先手の兵と激突。 本隊が二、三百メートル程引きさがる。 そこに他の
東軍諸隊の兵が食らいつくというように両軍間で激しい白兵戦が展開された
のです。 三成が自分の意思で残党狩りの吉政配下の兵の手に落ちたのは
合戦六日目のことでした。 関ヶ原町 」
その先の陣場野公園の中の竹垣で囲まれた土塁が家康の床几場だった ところで、高台の石柱には「床几場、徳川家康進旗験首處」と刻まれていて、 説明板が立っている。

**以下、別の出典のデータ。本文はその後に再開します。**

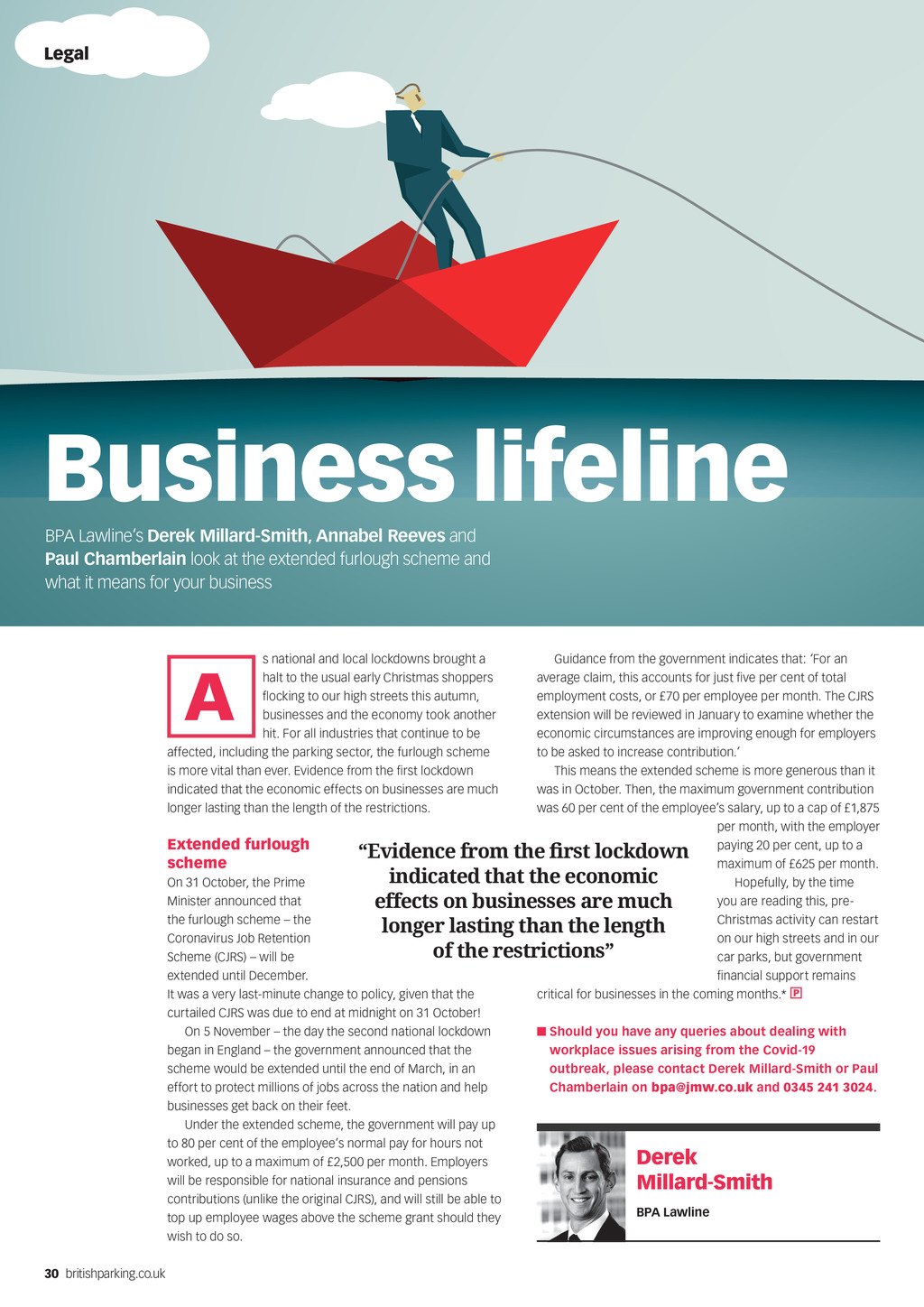Legal Business lifeline BPA Lawlines Derek Millard-Smith, Annabel Reeves and Paul Chamberlain look at the extended furlough scheme and what it means for your business s national and local lockdowns brought a halt to the usual early Christmas shoppers flocking to our high streets this autumn, businesses and the economy took another hit. For all industries that continue to be affected, including the parking sector, the furlough scheme is more vital than ever. Evidence from the first lockdown indicated that the economic effects on businesses are much longer lasting than the length of the restrictions. A Extended furlough scheme Guidance from the government indicates that: For an average claim, this accounts for just five per cent of total employment costs, or 70 per employee per month. The CJRS extension will be reviewed in January to examine whether the economic circumstances are improving enough for employers to be asked to increase contribution. This means the extended scheme is more generous than it was in October. Then, the maximum government contribution was 60 per cent of the employees salary, up to a cap of 1,875 per month, with the employer paying 20 per cent, up to a maximum of 625 per month. Hopefully, by the time you are reading this, preChristmas activity can restart on our high streets and in our car parks, but government financial support remains critical for businesses in the coming months.* Evidence from the rst lockdown indicated that the economic effects on businesses are much longer lasting than the length of the restrictions On 31 October, the Prime Minister announced that the furlough scheme the Coronavirus Job Retention Scheme (CJRS) will be extended until December. It was a very last-minute change to policy, given that the curtailed CJRS was due to end at midnight on 31 October! On 5 November the day the second national lockdown began in England the government announced that the scheme would be extended until the end of March, in an effort to protect millions of jobs across the nation and help businesses get back on their feet. Under the extended scheme, the government will pay up to 80 per cent of the employees normal pay for hours not worked, up to a maximum of 2,500 per month. Employers will be responsible for national insurance and pensions contributions (unlike the original CJRS), and will still be able to top up employee wages above the scheme grant should they wish to do so. Should you have any queries about dealing with workplace issues arising from the Covid-19 outbreak, please contact Derek Millard-Smith or Paul Chamberlain on bpa@jmw.co.uk and 0345 241 3024. Derek Millard-Smith BPA Lawline 30 britishparking.co.uk PN Dec 2020 pp30-31 legal feature pages.indd 30 23/11/2020 16:12

* 説明板 「徳川家康最後の陣地 国史跡(昭和6年3月30日)指定」
「 戦いがたけなわになると家康は本営を桃配山から笹尾山の南東1キロの
この地に進出させました。 ここで家康は陣頭指揮に当たるとともに戦いが
終わると部下が取ってきた首を実験しています。 周囲の土塁や中央の高台は
天保十二年(1841)に幕府の命により、この地の領主竹中家が築いたものです。 」
この他、小西行長陣地跡陣、石田三成陣地跡などが盆地に広く分布しているが、 古戦場めぐりが目的ではないのでここで終了。
東首塚を経由しJRの踏切をまた
渡ると正面に八幡神社、その右側に宗徳寺があり、その間に道があるが、
この道が江戸時代の北国街道(北国脇往還)である。
今はJRの踏切で切断されているが、
かってはつながっていて、北近江から北陸に通じていた。
道を進むと国道21号の歩道橋に出るが、ここが北国街道の追分で、追分茶屋が
あったといわれる。
歩道橋の前の相川家の門の左側には「脇本陣関ヶ原宿」の木札があり、
門の右側には「至道無難禅師誕生地」の石碑と説明板が建っている。
脇本陣は相川家が勤め、建坪は七十九坪でした。
* 説明板 「 至道無難禅師誕生地 関ヶ原宿脇本陣跡 」
「 慶長八年(1603)、本陣職相川家に生まれ、愚堂国師の門下となった禅師は
臨済宗妙心寺派の江戸初期の高僧です。 禅師は国師の法を継ぎ、宗派拡大に寄与
され、江戸禅宗界に名声を博しました。 寛文二年(1662)創業の日本橋白木屋元祖
大村彦太郎とは従兄弟の間柄で彦太郎の精神的糧は禅師から得られたと言います。
当家は後脇本陣を勤め、この門はその面影を伝えるものとして貴重です。
関ヶ原町 」
右側の桐山会計事務所辺りが本陣があったところのようである。
本陣の建坪は百五十二坪、門構え玄関付きでしたが、残っているのは八幡神社の
鳥居の近くのスダジイの大木が本陣の庭の一部と伝えられるだけである。
現在の北国街道はその先の西町交差点を通る。 この交差点は国道21号、名神
高速道路から出入りする車や北国街道で長浜方面に向かう車で渋滞、大型トラック
が排気ガスを撒き散らしながら、延々とつながっている。
その角に遍照山円龍寺があり、門前に「明治天皇御膳水」の石碑がある。
又、交差点を渡った右の立派屋敷門の前に「勤皇志士三上藤川誕生地」という
石碑があったが、歴史上どのような活躍をした人か分からない。
東赤坂から歩いていたが、今日はここで終了することにして、関ヶ原駅から帰宅した。
(所要時間)
東赤坂駅→(20分)→赤坂宿→(1時間)→青墓集落→(1時間)→垂井宿→(50分)→垂井の一里塚
→(1時間10分)→関ヶ原宿
垂井宿 岐阜県垂井町垂井 JR東海道本線垂井駅下車。
関ヶ原宿 岐阜県関ヶ原町公門 JR東海道本線関ヶ原駅下車。